Quickly, there at the top of the stairs, just like I had learned in catechism class, I made the Stations of the Cross and fell to my knees praying. I lowered my eyes. When I finished my prayer, I cautiously looked up to see if she was still there. She was. She was standing in front of me. When our eyes met, she spoke to me; but, there were no words. Her thoughts just appeared in my mind.
She had a gift for me; but the gift, she warned me, was also a burden. She instructed me not to share the reason that I had been chosen for the gift with anyone. In all these years, I still haven’t. Then she placed her right hand on my head and she prayed. When she finished, she kissed me on my cheek. She said, I would be dying, the next time that we meet. Then she disappeared in a floating ball of bright light that got smaller and brighter until it just wasn’t there anymore. The light was so strong, I had to close my eyes and cover them with my forearm. Still, I could see her departure pictured in my thoughts.
When I opened my eyes again, and they had adjusted to the low light level, I could see, hear, touch and much worst smell the dead. This was the gift that I had been given. Since that day, my purpose in life has been to bring the lingering dead into God’s mercy through the light of his grace. To better serve God, I became a Nun.
That night, I discovered that there were several ghosts on the second floor. That included the ghost of the little girl that died after being pushed. Though I was afraid, my prayers helped all of them find God's light. Since then, I have helped thousands of ghosts pass to grace. Some of whom I knew. Many times they didn’t know they were dead. They just knew that they were lost, or confused and had been wandering for a long time. They all wanted to go to their homes but they couldn’t find their way. So, I helped them all to find God’s grace. However, I am not always successful. Some ghosts, when they discover the truth, become fearful and refuse help. Some believe that they are simply dreaming and don't want to be disturbed.
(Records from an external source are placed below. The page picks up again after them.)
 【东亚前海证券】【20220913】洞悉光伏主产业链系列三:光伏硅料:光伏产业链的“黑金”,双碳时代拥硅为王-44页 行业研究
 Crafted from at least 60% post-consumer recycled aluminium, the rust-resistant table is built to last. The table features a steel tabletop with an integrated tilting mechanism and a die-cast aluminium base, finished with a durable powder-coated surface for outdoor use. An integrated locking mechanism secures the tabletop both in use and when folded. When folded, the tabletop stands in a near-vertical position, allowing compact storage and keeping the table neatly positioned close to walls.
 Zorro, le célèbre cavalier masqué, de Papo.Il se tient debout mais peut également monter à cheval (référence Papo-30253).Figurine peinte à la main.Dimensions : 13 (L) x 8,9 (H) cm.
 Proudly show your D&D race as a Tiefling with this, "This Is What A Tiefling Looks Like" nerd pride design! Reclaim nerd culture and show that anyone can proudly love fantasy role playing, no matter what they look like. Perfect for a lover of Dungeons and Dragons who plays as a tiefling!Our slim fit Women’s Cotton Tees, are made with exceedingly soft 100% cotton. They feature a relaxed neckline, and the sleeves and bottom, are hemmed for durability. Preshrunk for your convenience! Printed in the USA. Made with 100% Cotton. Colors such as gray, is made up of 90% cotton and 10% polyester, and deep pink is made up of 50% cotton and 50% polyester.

My mother said, "Please be careful Olivia. Ghosts can’t hurt you but they can sure make you hurt yourself.” She was only partially correct. I have been physically attacked and injured many times by ghosts. Even well-meaning ghosts can cause harm out of their fears or in their confusion. The longer they spend outside of God's grace, the crazier they become. Also, the more dangerous they become.
So, my warning to all of you is this. Ghosts exist. If you think you are alone, you're wrong. They are everywhere. Just like living people, if they choose, they can harm you. Don’t seek them out. Be aware, be cautious and say your prayers.